When the BC is inflated at the surface to provide positive buoyancy, the centre of buoyancy and centre of gravity of the diver are generally different. The vertical and horizontal separation of these centroids determines the static trim. The diver can usually overcome the trimming moment of buoyancy, which requires directed effort. The diver can adjust trim to suit circumstances such as swimming face down or face up, or remaining vertical. The diver's centre of gravity is determined by the distribution of weight, and buoyancy is determined by the equipment in use, particularly supplemental weights and the buoyancy compensator, which can significantly influence centre of buoyancy as it is inflated and deflated. Stable trim implies that the centre of buoyancy is directly above the centre of gravity. Any horizontal offset generates a moment that rotates the diver until the equilibrium condition is restored.
In almost all cases, the centre of buoyancy with an inflated BC is nearer the head than the centre of gravity, and BCs are designed to provide this as the default condition, as an inverted diver floating at the surface is at risk of drowning. The offset in the forward/backward axis is quite frequently significant, and is usually the dominant factor in determining static trim. At the surface, it is generally undesirable to be trimmed strongly face down, but it is useful to be able to trim face down at will. Vertical trim is acceptable providing it can be overcome for swimming.

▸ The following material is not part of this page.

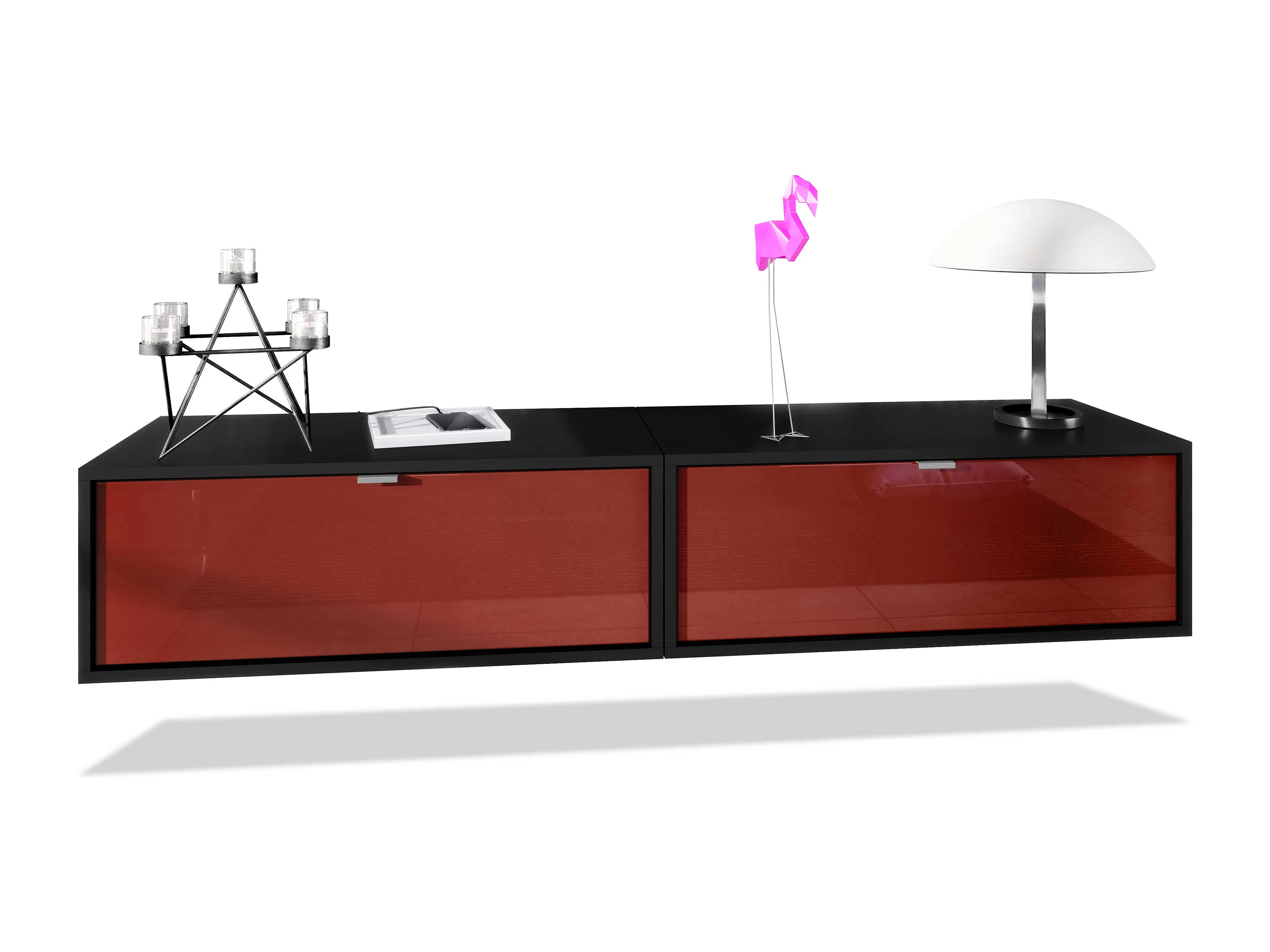 Ensemble de 2 set meuble TV Lana 80, lowboards de 80 x 29 x 37 cm chacun avec beaucoup d'espace de rangement, caisson en Noir mat, façades en Bordeaux brillant

Underwater trim is the diver's attitude (orientation) in the water, in terms of balance and alignment with the direction of motion. The free-swimming diver may need to trim erect or inverted at times, but in general, a horizontal trim has advantages both for reduction of drag when swimming horizontally, and for observing the bottom. A slightly head down horizontal trim allows the diver to direct propulsive thrust from the fins directly to the rear, which minimizes disturbance of sediments on the bottom, and reduces the risk of striking delicate benthic organisms with the fins. A stable horizontal trim requires that diver's centre of gravity is directly below the centre of buoyancy (the centroid). Small errors can be compensated fairly easily, but large offsets may make it necessary for the diver to constantly exert significant effort towards maintaining the desired attitude. The position of the centre of buoyancy is largely beyond the control of the diver, though the cylinder(s) may be shifted in the harness by a small amount, and the volume of the BC has a large influence when inflated. Most of the control of trim available to the diver is in the positioning of ballast weights. Fine tuning of trim can be done by placing smaller weights along the length of the diver to bring the centre of gravity to the desired position.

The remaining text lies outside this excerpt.